Task instructions
Without any of the pictures, transcribe all the lines below exactly.
───── Dataset content ─────
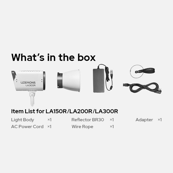 Το Godox Litemons LA200R είναι ένα COB LED φωτιστικό ισχύος 330W και φωτεινότητας 64.000 lux στο 1μ στα 5600Κ με χρήση του παρεχόμενου ανακλαστήρα. Παρέχει φωτισμό σε θερμοκρασίες 2500K-10000K (CCT) αλλά και σε πλήρες χρωματικό φάσμα HSI RGBWW.
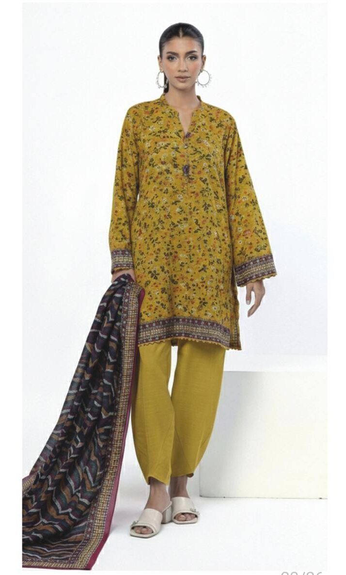 Bring color and comfort together with this beautifully designed 3-piece unstitched lawn suit. The outfit includes a 3 meter digital printed lawn shirt, a 2.5 meter matching digital printed lawn dupatta, and a solid dyed cambric trouser to complete the look.
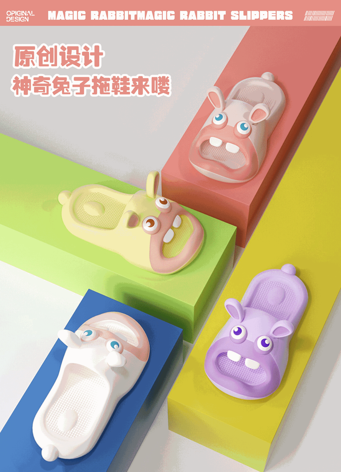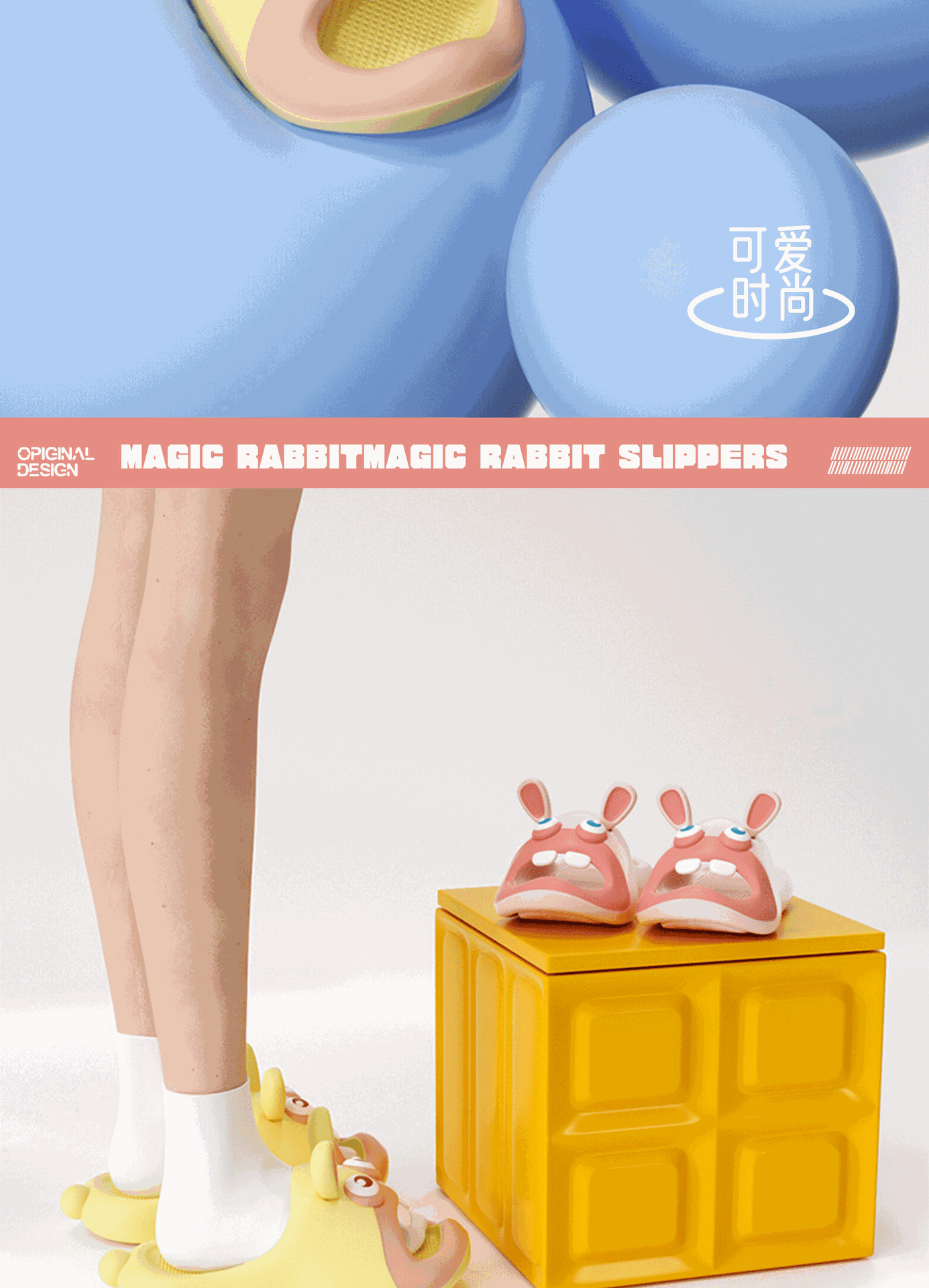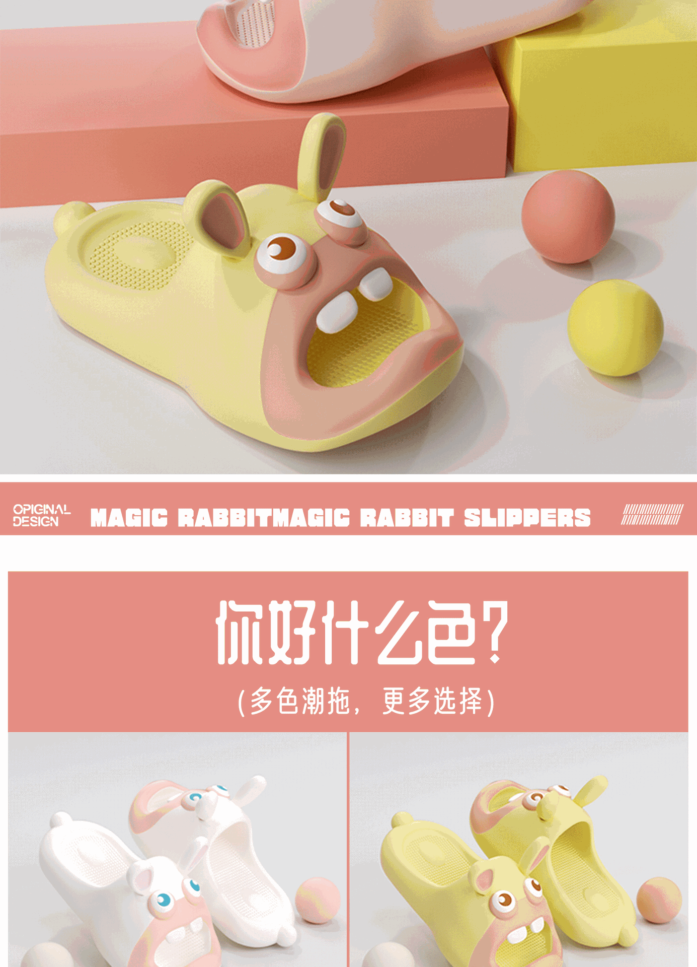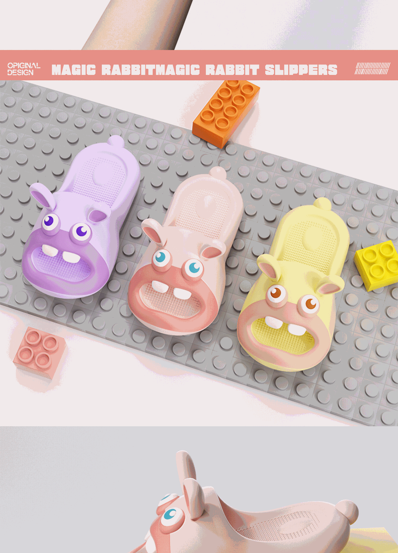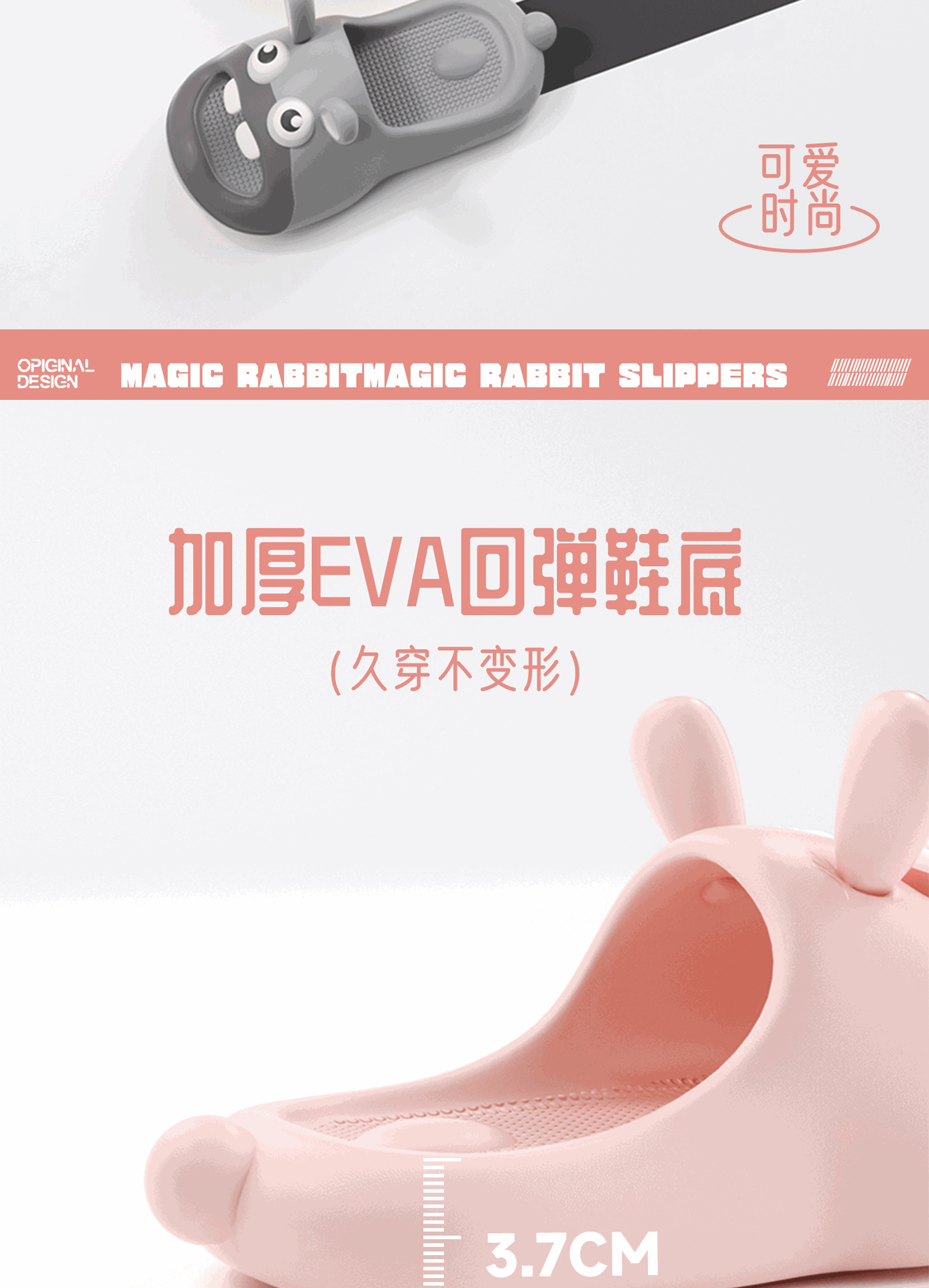 토끼 슬리퍼 여성의 여름 외부 착용 발가락 느낌 만화 홈 욕실 내부 미끄럼 방지 두꺼운 부모-자식 샌들 및 여성용 슬리퍼
─────
Response for this exercise
 Το Godox Litemons LA200R είναι ένα COB LED φωτιστικό ισχύος 330W και φωτεινότητας 64.000 lux στο 1μ στα 5600Κ με χρήση του παρεχόμενου ανακλαστήρα. Παρέχει φωτισμό σε θερμοκρασίες 2500K-10000K (CCT) αλλά και σε πλήρες χρωματικό φάσμα HSI RGBWW.
 Bring color and comfort together with this beautifully designed 3-piece unstitched lawn suit. The outfit includes a 3 meter digital printed lawn shirt, a 2.5 meter matching digital printed lawn dupatta, and a solid dyed cambric trouser to complete the look.
 토끼 슬리퍼 여성의 여름 외부 착용 발가락 느낌 만화 홈 욕실 내부 미끄럼 방지 두꺼운 부모-자식 샌들 및 여성용 슬리퍼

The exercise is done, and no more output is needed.